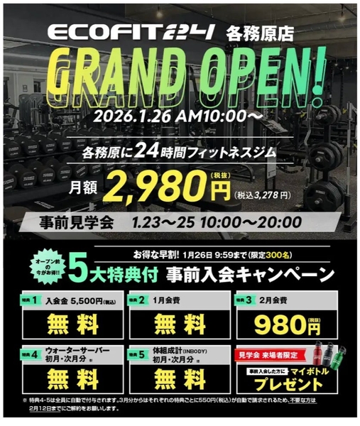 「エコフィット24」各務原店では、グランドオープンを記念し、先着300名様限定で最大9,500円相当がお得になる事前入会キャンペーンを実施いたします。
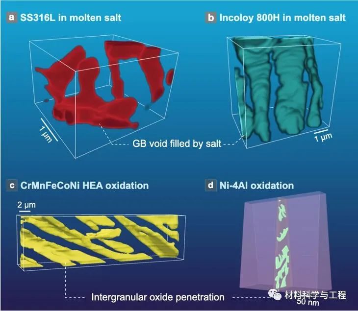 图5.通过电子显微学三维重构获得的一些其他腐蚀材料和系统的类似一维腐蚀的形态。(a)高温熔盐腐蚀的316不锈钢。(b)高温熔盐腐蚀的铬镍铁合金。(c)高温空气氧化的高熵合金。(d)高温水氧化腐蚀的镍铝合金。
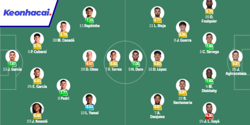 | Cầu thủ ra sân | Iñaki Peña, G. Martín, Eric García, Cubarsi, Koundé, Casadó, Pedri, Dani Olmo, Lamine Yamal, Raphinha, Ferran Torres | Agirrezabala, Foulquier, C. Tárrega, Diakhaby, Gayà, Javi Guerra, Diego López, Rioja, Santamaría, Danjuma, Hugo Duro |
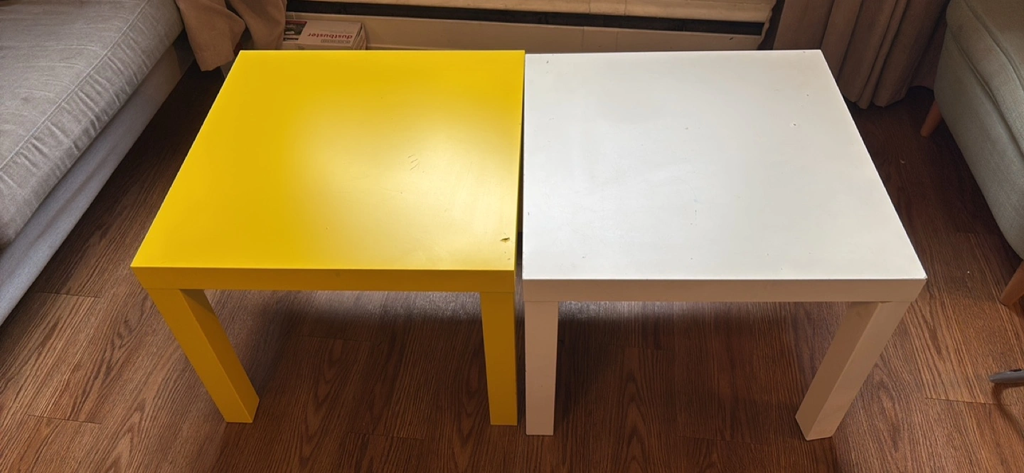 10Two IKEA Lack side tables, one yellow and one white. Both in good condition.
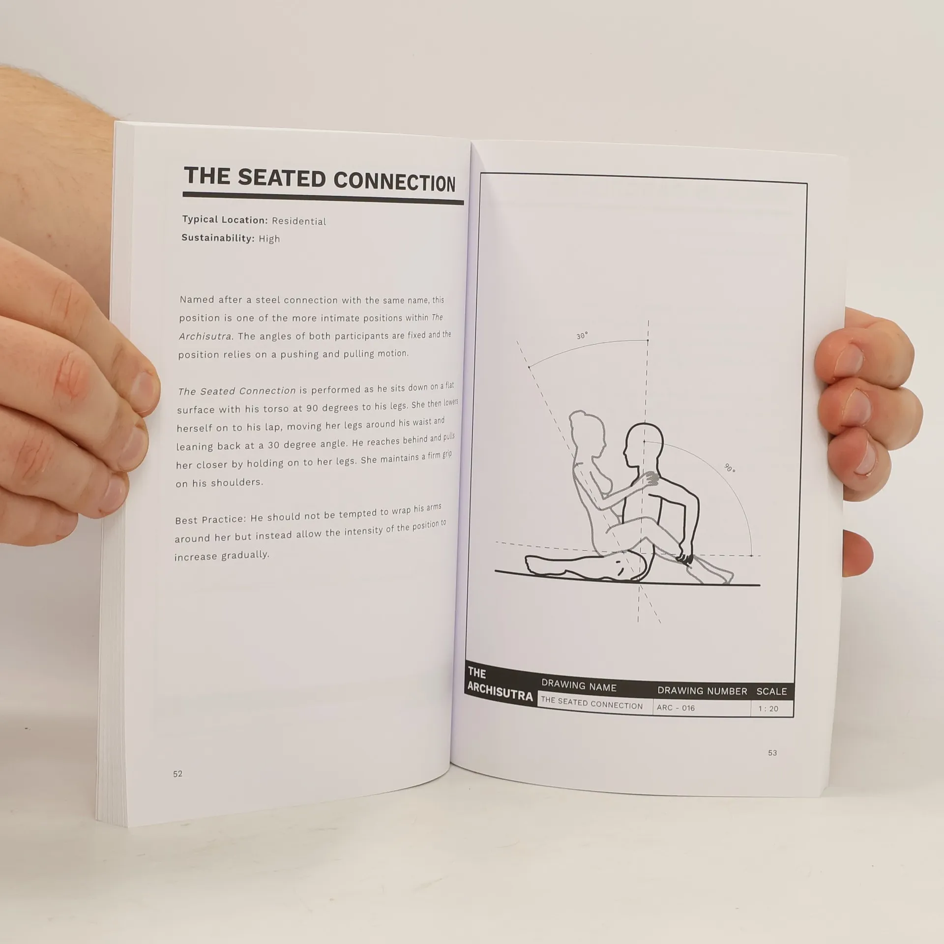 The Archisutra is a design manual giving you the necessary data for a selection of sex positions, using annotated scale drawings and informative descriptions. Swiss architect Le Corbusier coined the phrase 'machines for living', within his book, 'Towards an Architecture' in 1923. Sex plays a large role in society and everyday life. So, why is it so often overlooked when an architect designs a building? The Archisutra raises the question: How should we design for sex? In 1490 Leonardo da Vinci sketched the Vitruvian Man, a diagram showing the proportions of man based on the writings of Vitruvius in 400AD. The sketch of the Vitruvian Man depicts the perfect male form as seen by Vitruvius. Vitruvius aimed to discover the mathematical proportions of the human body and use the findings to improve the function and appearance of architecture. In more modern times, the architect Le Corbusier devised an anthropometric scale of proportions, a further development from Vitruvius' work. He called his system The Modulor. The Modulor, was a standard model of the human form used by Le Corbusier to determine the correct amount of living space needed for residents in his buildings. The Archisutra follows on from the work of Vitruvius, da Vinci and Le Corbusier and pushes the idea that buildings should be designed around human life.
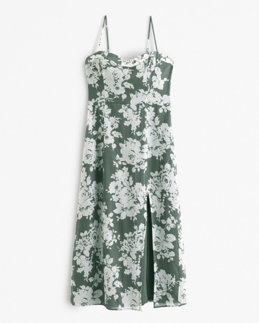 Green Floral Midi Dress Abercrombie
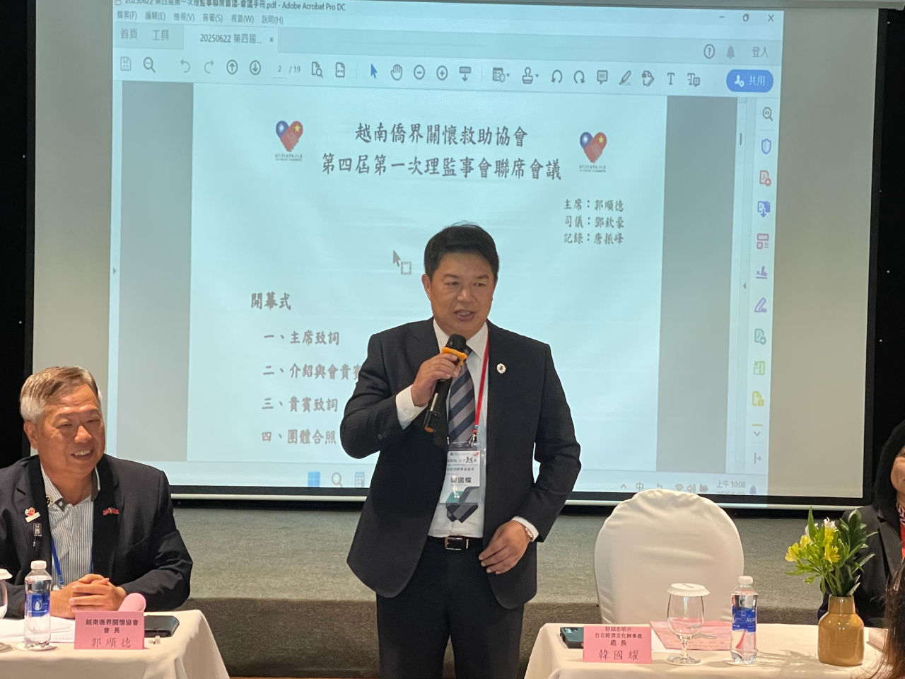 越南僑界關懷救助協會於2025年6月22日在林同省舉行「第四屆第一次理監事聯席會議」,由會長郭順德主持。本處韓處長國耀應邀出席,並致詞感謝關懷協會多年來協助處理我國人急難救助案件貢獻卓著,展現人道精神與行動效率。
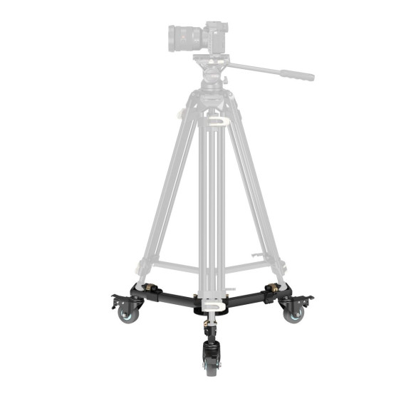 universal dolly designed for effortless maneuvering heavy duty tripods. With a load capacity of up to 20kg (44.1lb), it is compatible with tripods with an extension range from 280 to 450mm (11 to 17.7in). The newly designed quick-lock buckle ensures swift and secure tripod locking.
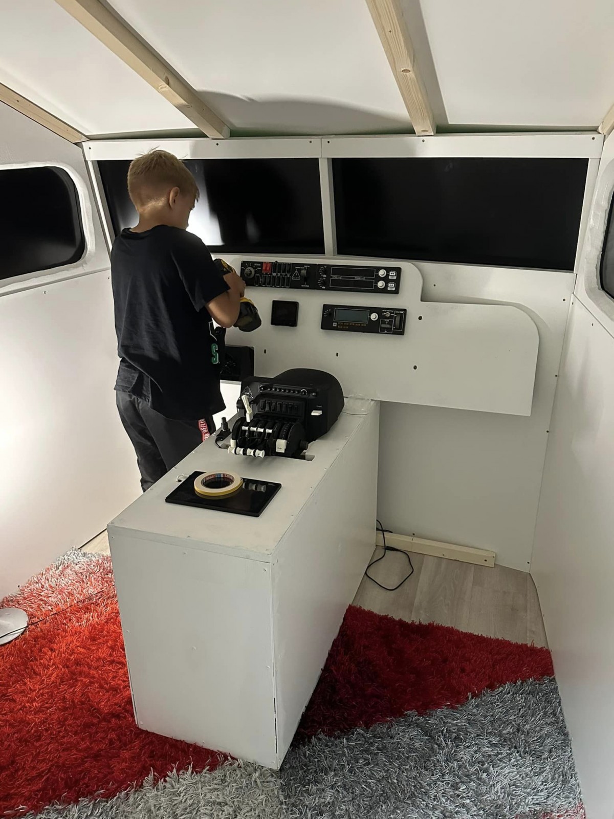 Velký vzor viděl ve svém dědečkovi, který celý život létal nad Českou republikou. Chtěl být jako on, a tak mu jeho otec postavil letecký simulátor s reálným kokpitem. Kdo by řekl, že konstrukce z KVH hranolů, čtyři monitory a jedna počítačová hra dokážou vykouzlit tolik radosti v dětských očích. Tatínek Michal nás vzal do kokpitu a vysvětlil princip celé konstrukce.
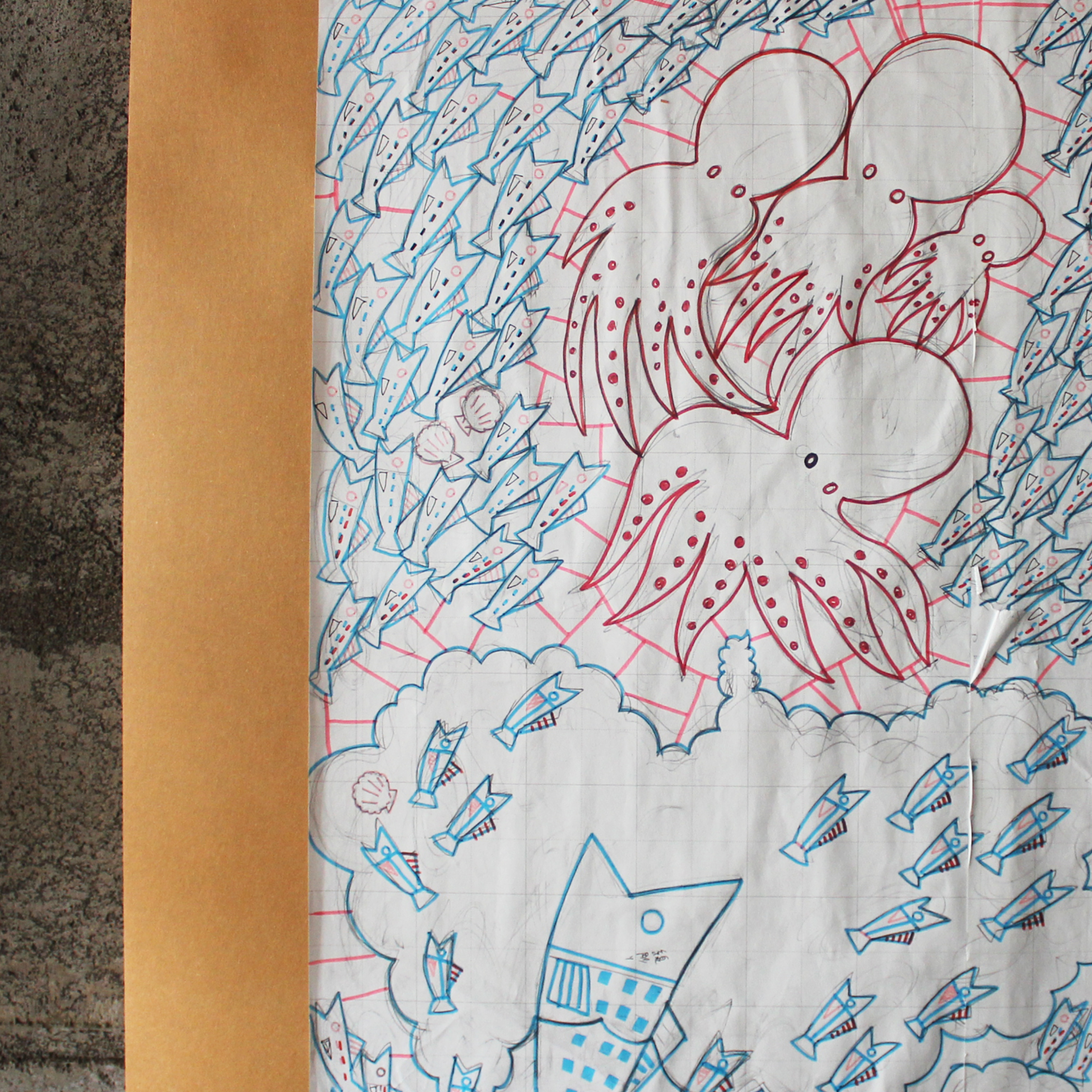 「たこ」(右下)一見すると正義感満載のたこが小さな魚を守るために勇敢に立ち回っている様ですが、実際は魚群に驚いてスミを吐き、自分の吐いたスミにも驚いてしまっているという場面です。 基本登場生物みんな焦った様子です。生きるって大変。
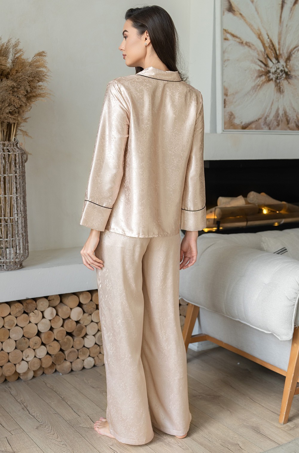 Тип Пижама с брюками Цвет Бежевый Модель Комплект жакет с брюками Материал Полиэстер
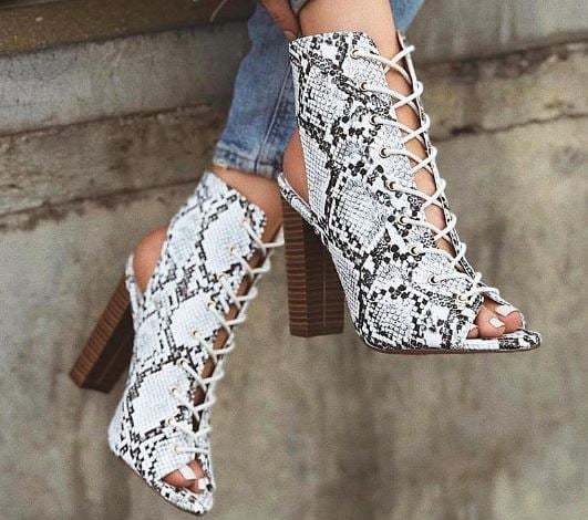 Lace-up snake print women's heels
::::::::
Only the lines from the top of the records through the line with "Hugo Duro |" belong in the copy; write them out exactly, leaving out pictures.

 「エコフィット24」各務原店では、グランドオープンを記念し、先着300名様限定で最大9,500円相当がお得になる事前入会キャンペーンを実施いたします。
 图5.通过电子显微学三维重构获得的一些其他腐蚀材料和系统的类似一维腐蚀的形态。(a)高温熔盐腐蚀的316不锈钢。(b)高温熔盐腐蚀的铬镍铁合金。(c)高温空气氧化的高熵合金。(d)高温水氧化腐蚀的镍铝合金。
 | Cầu thủ ra sân | Iñaki Peña, G. Martín, Eric García, Cubarsi, Koundé, Casadó, Pedri, Dani Olmo, Lamine Yamal, Raphinha, Ferran Torres | Agirrezabala, Foulquier, C. Tárrega, Diakhaby, Gayà, Javi Guerra, Diego López, Rioja, Santamaría, Danjuma, Hugo Duro |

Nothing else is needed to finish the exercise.